*Directions:*
With pictures excluded, retype exactly every line from the one containing "This adjustable chain" to the end of the records below.
:: Dataset records
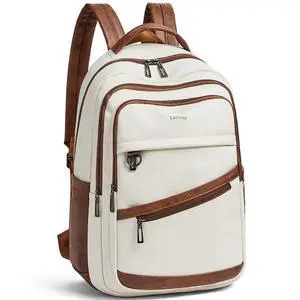 LATMAP 43L Backpack for Women Men - Vegan Leather Backpack Purse Travel Carry-on Bag College Bookbag Work fits 17" Laptop, Beige
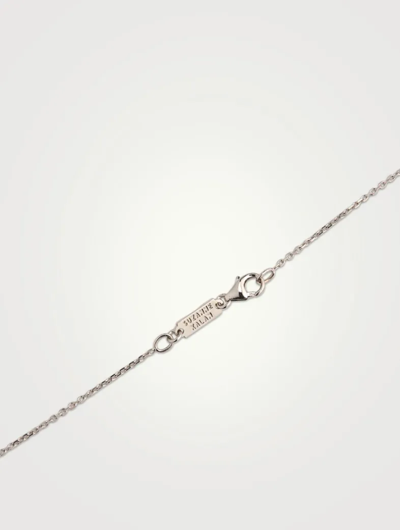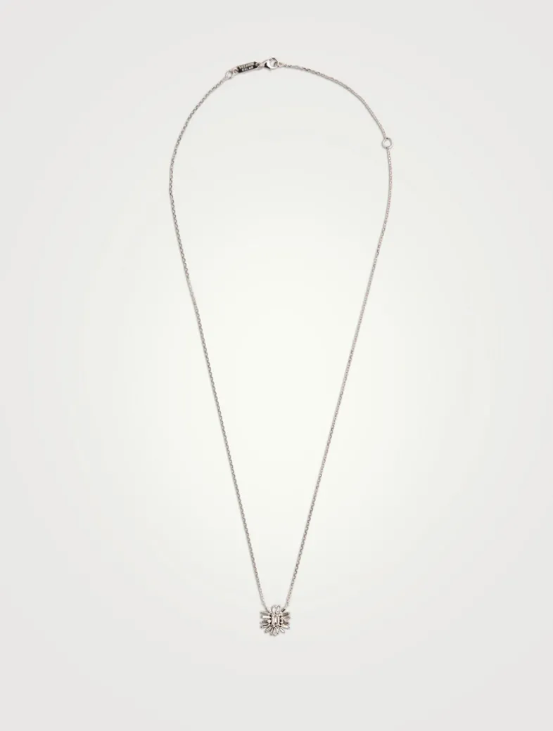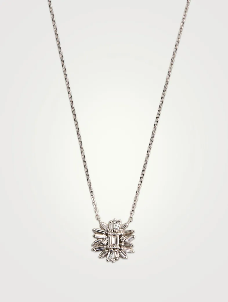 This adjustable chain necklace features a flower pendant with baguette-cut diamond petals and emerald-cut diamond centre.
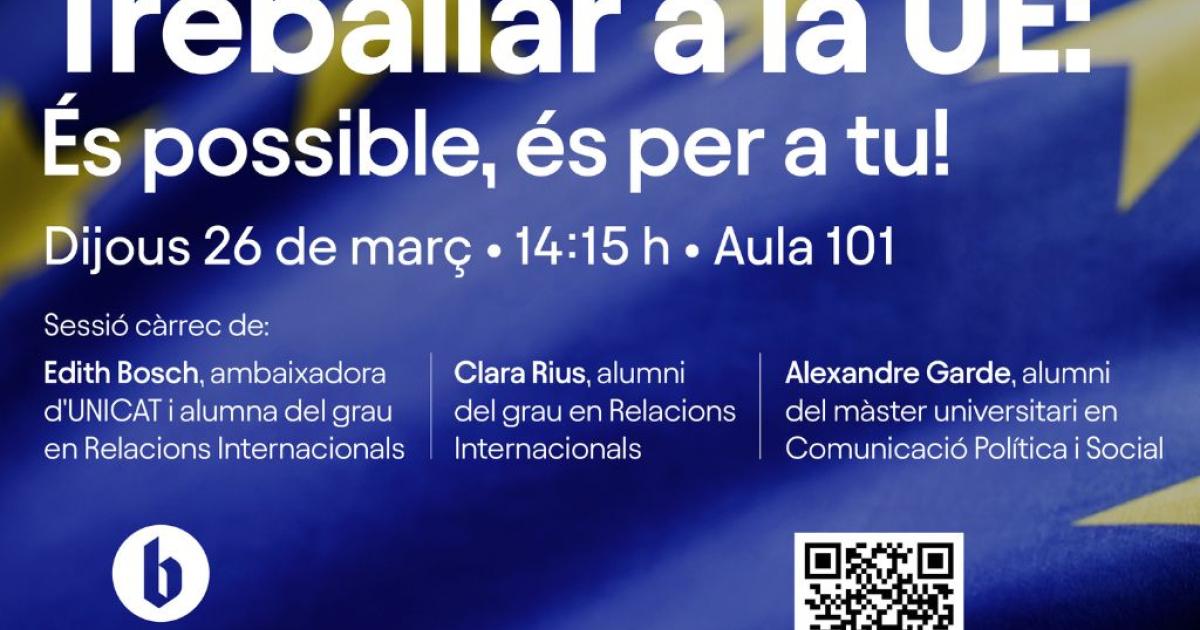 Tens interès a fer carrera a les institucions de la UE? Des de la Facultat volem apropar-te les claus per a accedir-hi. Per això, el pròxim dijous 26 de març a les 14:15h, tindrà lloc a l’aula 101 la xerrada "Treballar a la Unió Europea".
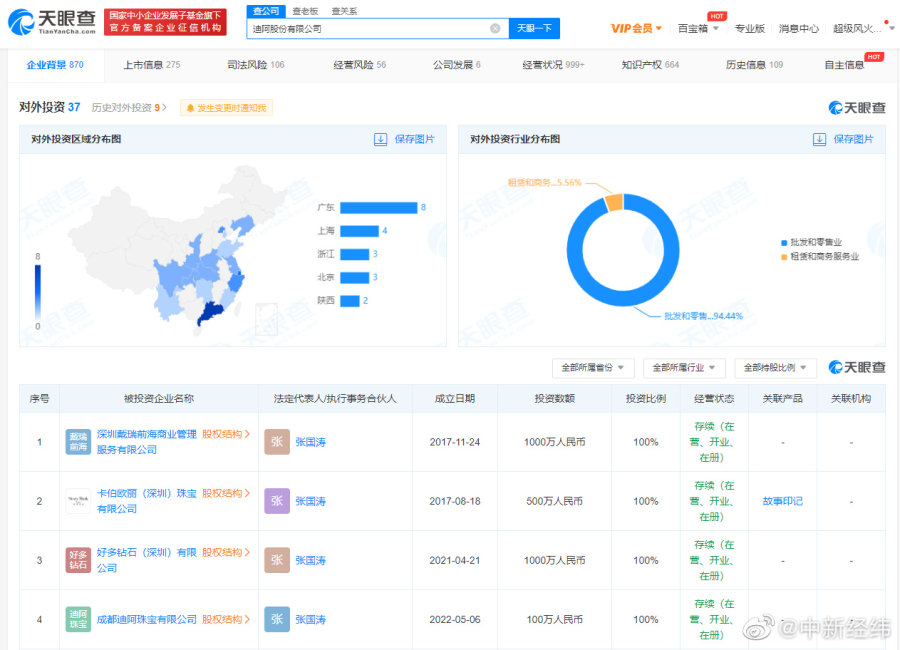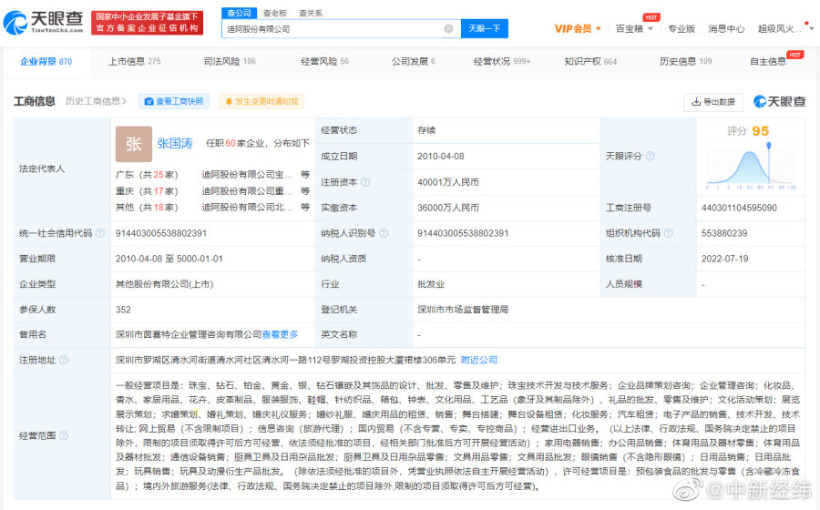 天眼查App显示,DR钻戒关联企业为迪阿股份有限公司,该公司成立于2010年4月,注册资本约4亿人民币,风险信息显示,该公司近日新增一条被执行人信息,执行标的48万余元,执行法院为郑州市金水区人民法院。该公司对外投资37家企业,均为存续、开业状态,包括上海玳瑞钻石有限公司、卡伯欧丽(深圳)珠宝有限公司等,投资领域涉及商业管理、钻石珠宝等。此外,该公司拥有640家分支机构,其中600余家为存续、开业状态。
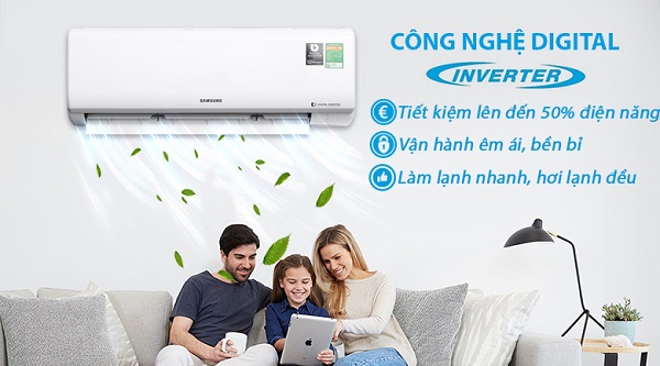 Được ứng dụng công nghệ Digital Inverter trong quá trình vận hành, bạn sẽ hoàn toàn yên tâm về khả năng vận hành êm ái, bền bỉ và tiết kiệm điện năng đáng kể của chiếc máy lạnh Samsung này.
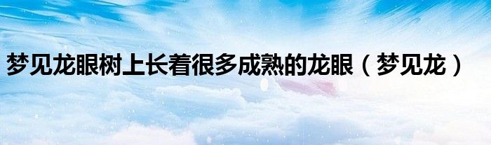 关于梦见龙眼树上长着很多成熟的龙眼,梦见龙这个很多人还不知道,今天菲菲来为大家解答以上的问题,现在让我们一起来看看吧!
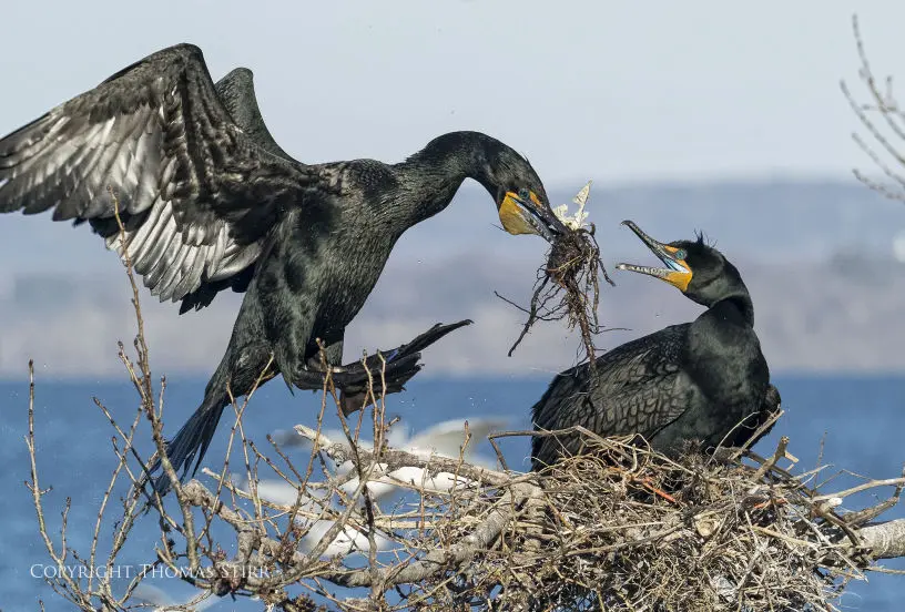 Both male and female cormorants share parenting duties—from nest building to feeding their young, they remain dedicated caregivers throughout the breeding season.
::::
*Exercise answer:*
 This adjustable chain necklace features a flower pendant with baguette-cut diamond petals and emerald-cut diamond centre.
 Tens interès a fer carrera a les institucions de la UE? Des de la Facultat volem apropar-te les claus per a accedir-hi. Per això, el pròxim dijous 26 de març a les 14:15h, tindrà lloc a l’aula 101 la xerrada "Treballar a la Unió Europea".
 天眼查App显示,DR钻戒关联企业为迪阿股份有限公司,该公司成立于2010年4月,注册资本约4亿人民币,风险信息显示,该公司近日新增一条被执行人信息,执行标的48万余元,执行法院为郑州市金水区人民法院。该公司对外投资37家企业,均为存续、开业状态,包括上海玳瑞钻石有限公司、卡伯欧丽(深圳)珠宝有限公司等,投资领域涉及商业管理、钻石珠宝等。此外,该公司拥有640家分支机构,其中600余家为存续、开业状态。
 Được ứng dụng công nghệ Digital Inverter trong quá trình vận hành, bạn sẽ hoàn toàn yên tâm về khả năng vận hành êm ái, bền bỉ và tiết kiệm điện năng đáng kể của chiếc máy lạnh Samsung này.
 关于梦见龙眼树上长着很多成熟的龙眼,梦见龙这个很多人还不知道,今天菲菲来为大家解答以上的问题,现在让我们一起来看看吧!
 Both male and female cormorants share parenting duties—from nest building to feeding their young, they remain dedicated caregivers throughout the breeding season.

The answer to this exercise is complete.